* [SUPPLIED RECORDS]
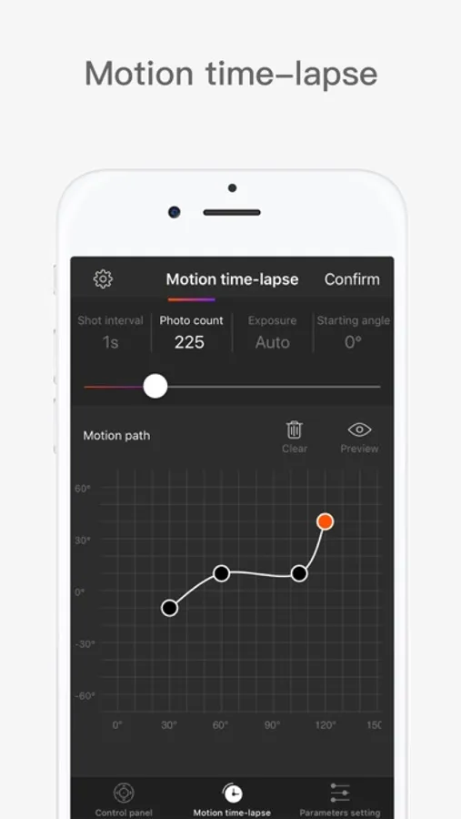 The main features include: remote control camera, Motion time-lapse shooting.
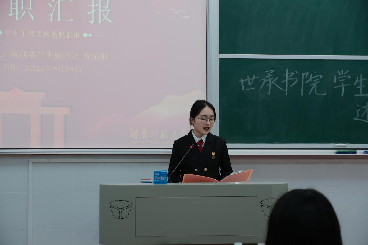 3月21日下午,yl23455永利官网举办了2024—2025学年度学生干部述职大会。yl23455永利官网团委书记刘铮、2022级辅导员彭诚意出席会议。校、院团学组织主要学生负责人轮流述职,各班团支部的学生评议代表进行民主评议与问卷打分。学生干部们结合自己的工作经历,详细汇报了过去一年的工作成绩与不足。尤其是在组织策划活动、加强学生干部队伍凝聚力、服务同学等方面,并提出了具体的工作成果和创新举措。学生代表对学生干部们的工作表现进行了认真评议,提出了宝贵的意见与建议。
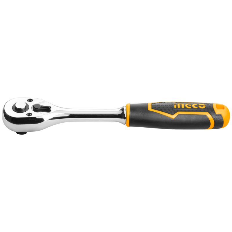 A Chave de Catraca Reversível Ingco 6" com encaixe de 1/4" e 45 dentes é uma ferramenta compacta e eficiente, ideal para trabalhos manuais que exigem precisão e praticidade. Fabricada em aço CR-V combinado com aço CRMO, garante alta resistência e durabilidade. Seu acabamento cromado fosco proporciona maior proteção contra corrosão e desgaste. Com um comprimento de 158mm, é leve e fácil de manusear, sendo perfeita para aplicações em espaços reduzidos. O mecanismo de catraca com 45 dentes permite um movimento suave e eficiente, enquanto o sistema reversível facilita a alternância entre aperto e desaperto. Comercialmente denominada como "Chave Catraca 1/4"", é acondicionada em cartela plástica, garantindo armazenamento seguro e organizado.
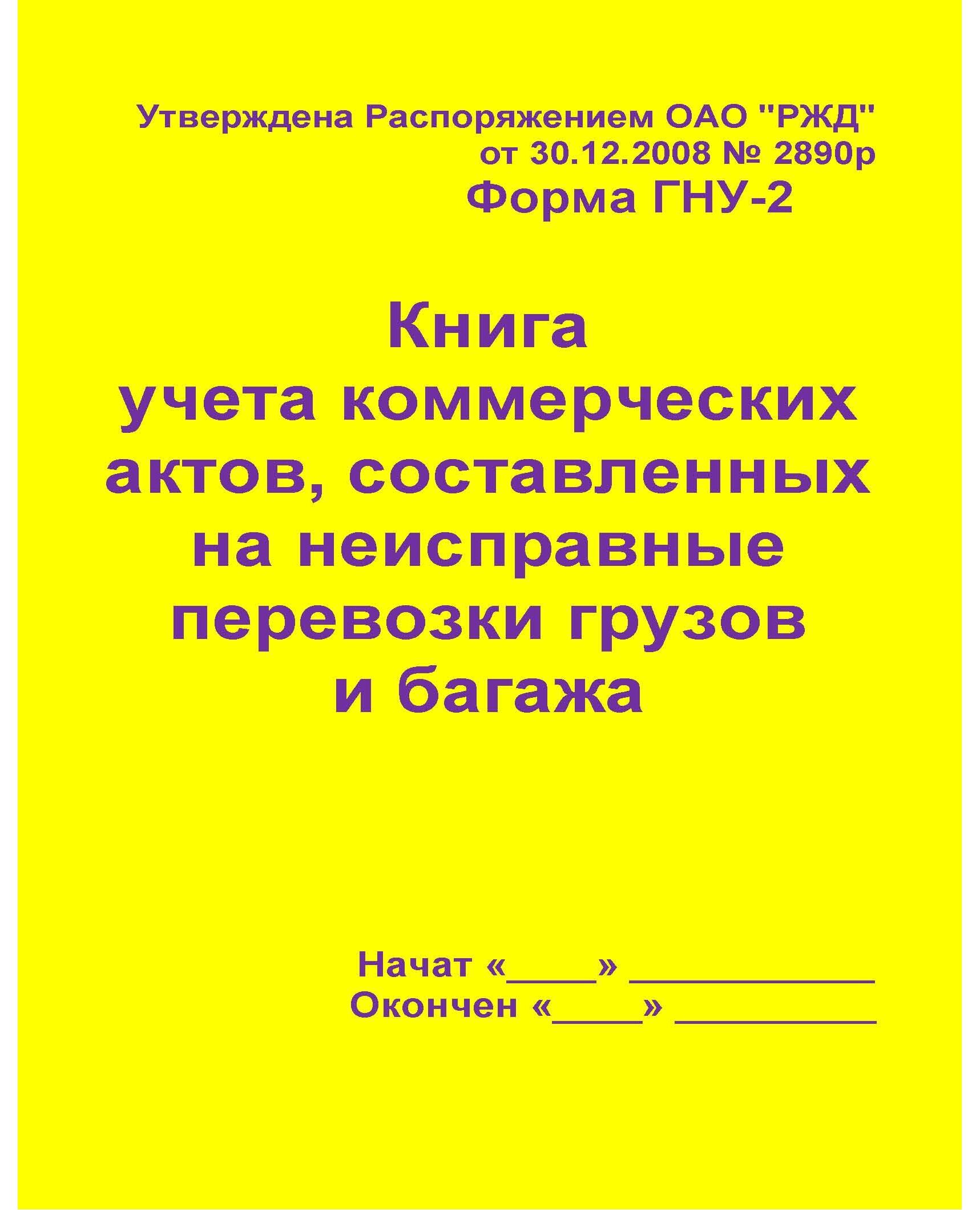 Форма ГНУ-2. Книга учета коммерческих актов, составленных на неисправные перевозки грузов и багажа. Утв. Распоряжением ОАО "РЖД" от 30.12.2008 № 2890р. (прошитый, 100 страниц)
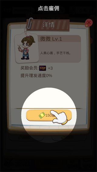 3、最重要的就是理发师,每个理发师的速度和奖励都是不一样的;
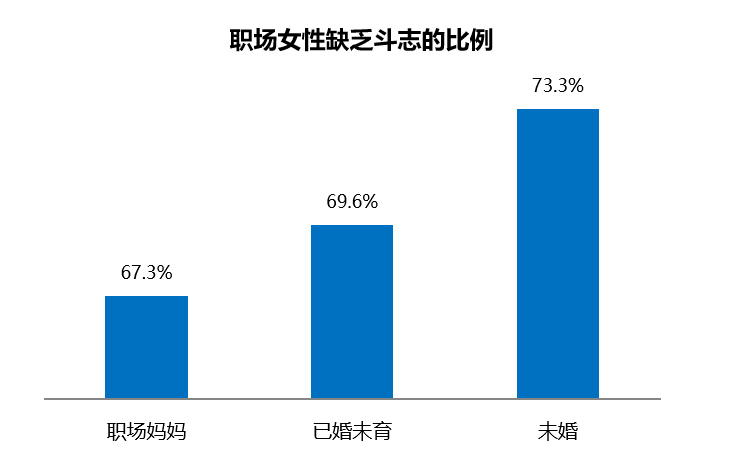 盡管來自生活和事業(yè)的雙重壓力較大,但是職場媽媽的職場斗志依然高昂。調查顯示,整體來看職場女性不加班的比例不足三成,職場媽媽群體的加班強度略僅低于其他女性職場人,有31.1%的職場媽媽不用加班。雖然職場的外部競爭環(huán)境壓力大,但職場媽媽奮斗拼搏的精神氣很高。調研顯示,職場媽媽"經?;蚺紶柍霈F(xiàn)缺乏工作斗志"的比例最低,為67.3%;已婚未育排在次位;未婚女性人群中缺少斗志的占比高達73.3%。

* [EXERCISE INSTRUCTIONS] Pictures are to be left out; the rest of the listing should be printed exactly.

* [YOUR RESPONSE]
 The main features include: remote control camera, Motion time-lapse shooting.
 3月21日下午,yl23455永利官网举办了2024—2025学年度学生干部述职大会。yl23455永利官网团委书记刘铮、2022级辅导员彭诚意出席会议。校、院团学组织主要学生负责人轮流述职,各班团支部的学生评议代表进行民主评议与问卷打分。学生干部们结合自己的工作经历,详细汇报了过去一年的工作成绩与不足。尤其是在组织策划活动、加强学生干部队伍凝聚力、服务同学等方面,并提出了具体的工作成果和创新举措。学生代表对学生干部们的工作表现进行了认真评议,提出了宝贵的意见与建议。
 A Chave de Catraca Reversível Ingco 6" com encaixe de 1/4" e 45 dentes é uma ferramenta compacta e eficiente, ideal para trabalhos manuais que exigem precisão e praticidade. Fabricada em aço CR-V combinado com aço CRMO, garante alta resistência e durabilidade. Seu acabamento cromado fosco proporciona maior proteção contra corrosão e desgaste. Com um comprimento de 158mm, é leve e fácil de manusear, sendo perfeita para aplicações em espaços reduzidos. O mecanismo de catraca com 45 dentes permite um movimento suave e eficiente, enquanto o sistema reversível facilita a alternância entre aperto e desaperto. Comercialmente denominada como "Chave Catraca 1/4"", é acondicionada em cartela plástica, garantindo armazenamento seguro e organizado.
 Форма ГНУ-2. Книга учета коммерческих актов, составленных на неисправные перевозки грузов и багажа. Утв. Распоряжением ОАО "РЖД" от 30.12.2008 № 2890р. (прошитый, 100 страниц)
 3、最重要的就是理发师,每个理发师的速度和奖励都是不一样的;
 盡管來自生活和事業(yè)的雙重壓力較大,但是職場媽媽的職場斗志依然高昂。調查顯示,整體來看職場女性不加班的比例不足三成,職場媽媽群體的加班強度略僅低于其他女性職場人,有31.1%的職場媽媽不用加班。雖然職場的外部競爭環(huán)境壓力大,但職場媽媽奮斗拼搏的精神氣很高。調研顯示,職場媽媽"經?;蚺紶柍霈F(xiàn)缺乏工作斗志"的比例最低,為67.3%;已婚未育排在次位;未婚女性人群中缺少斗志的占比高達73.3%。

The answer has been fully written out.